The church was designed, and its construction managed, by Rev. David Clement Scott, who had no formal architectural training. Labour was provided by local men without previous experience in this type of construction. All the bricks used were made on-site from local clay and fired in wood-fuelled kilns. It is estimated that eighty-one different forms of bricks were used in the building. The most common bricks are 12 by 6 by 3 inches, laid up in English bond.

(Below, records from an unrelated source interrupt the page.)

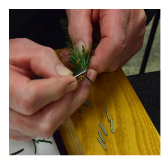
Step 1: Cut off the end and clear the lower 1" to 1-1/2" of needles.

More from a Workshop presented by Jon Genereaux at the February 2017 Meeting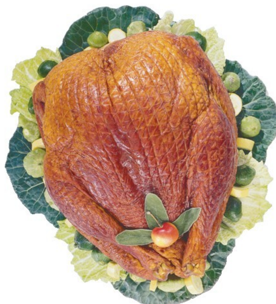
Butterball or Burger's Whole Smoked Turkeys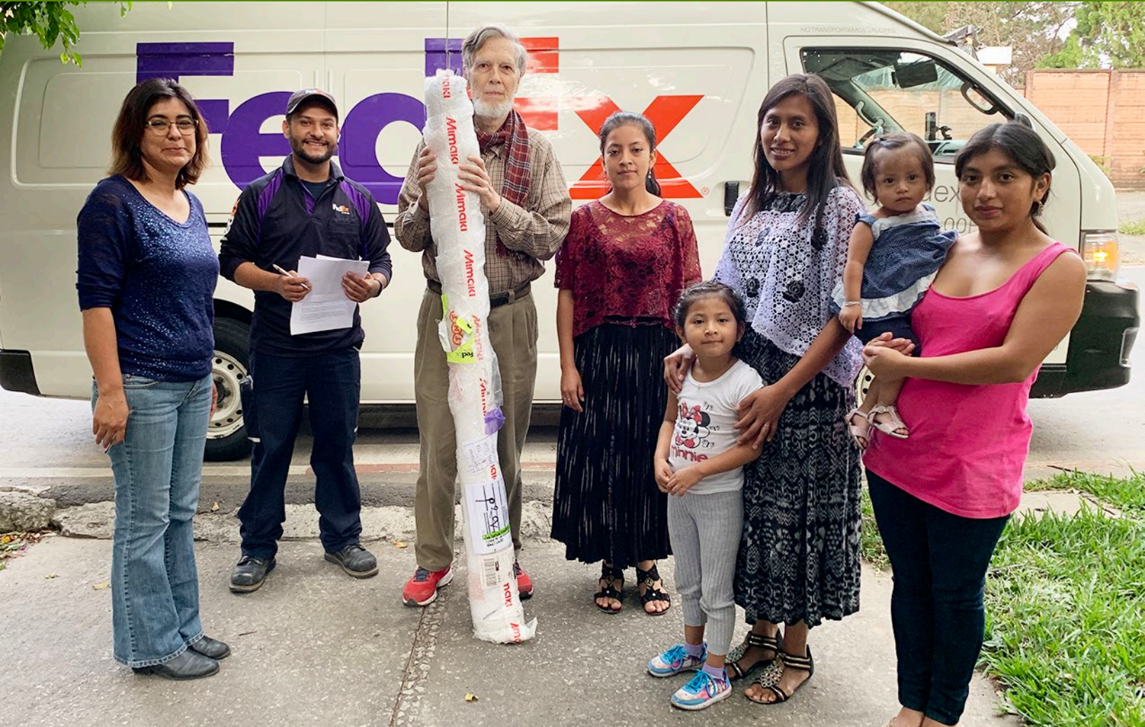
▲ Here are the prints arriving via FedEx to the office of FLAAR-REPORTS in Guatemala City, Central America.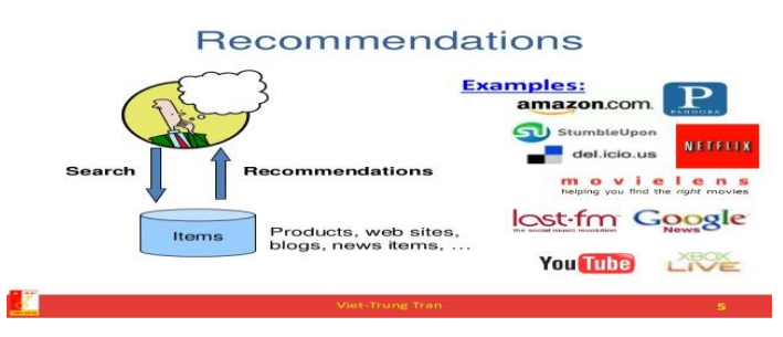
Fig.1.2. Recommendation system

The following figure is a general model of recommendation which summarizes the recommendation process by identifying the communication among its components.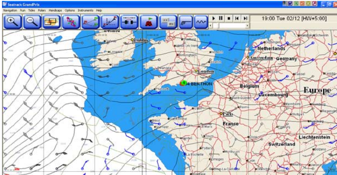
Weather - the big Seatrack picture

Version 9 of the Seatrack race tactical and navigational software includes some exceptional unique user function upgrades, and is due to launch just ahead of the London ExCel Boat Show in January 2009.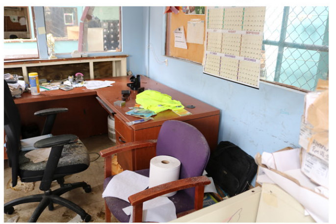
Fixed Assets Management_097.jpg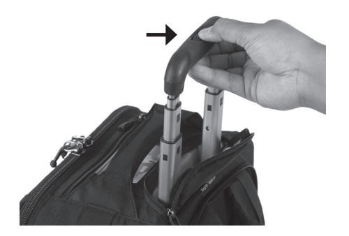
Open the zipper flap on top of the Airport TakeOff to reveal the extendable handle. To raise the handle, press and hold the button on the middle of the handle and simultaneously raise the handle completely. The release button must always be held down for the handle to be fully extended or retracted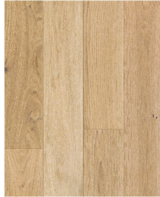
AMBER (EUROPEAN OAK) AME-TTO19005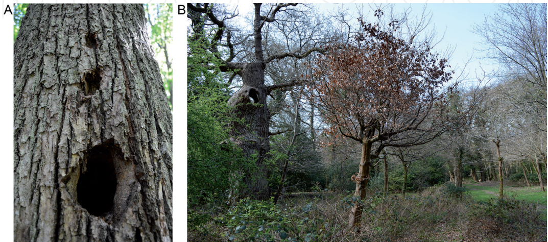
Figure 16. (A) Woodpecker hole created with a chainsaw at the bottom and holes created by a woodpecker above it, a few years after the work was done. (B) Newly created Quercus pollard.

In agricultural systems where scattered trees in the hedges are acting as a different form of wood pasture, a big problem in the past has been the removal of hedges to make larger fields allowing easier cultivation with larger machinery. Any trees in the hedges were generally lost too and were rarely incorporated into the fields. Hedges are now protected in England, and there are grants for replanting and managing them. In highly productive areas, this has been an important way to increase the density of trees in the landscape along with the scrub species in the hedges.

Scott made no detailed drawings before construction began. Instead, each detail was tested with dry bricks before final assembly. The dimensions are approximately 106 feet long, 30 feet wide from aisle wall to aisle wall, and 37 feet high to the crest of the roof. Scott described his plan thus:
The form was a Latin cross with very short transepts, (10 feet outside measurement). A short choir, (12 feet outside measurement), and a semi-circular apse of 8 feet radius. The aim was to make a comely Presbyterian place of worship.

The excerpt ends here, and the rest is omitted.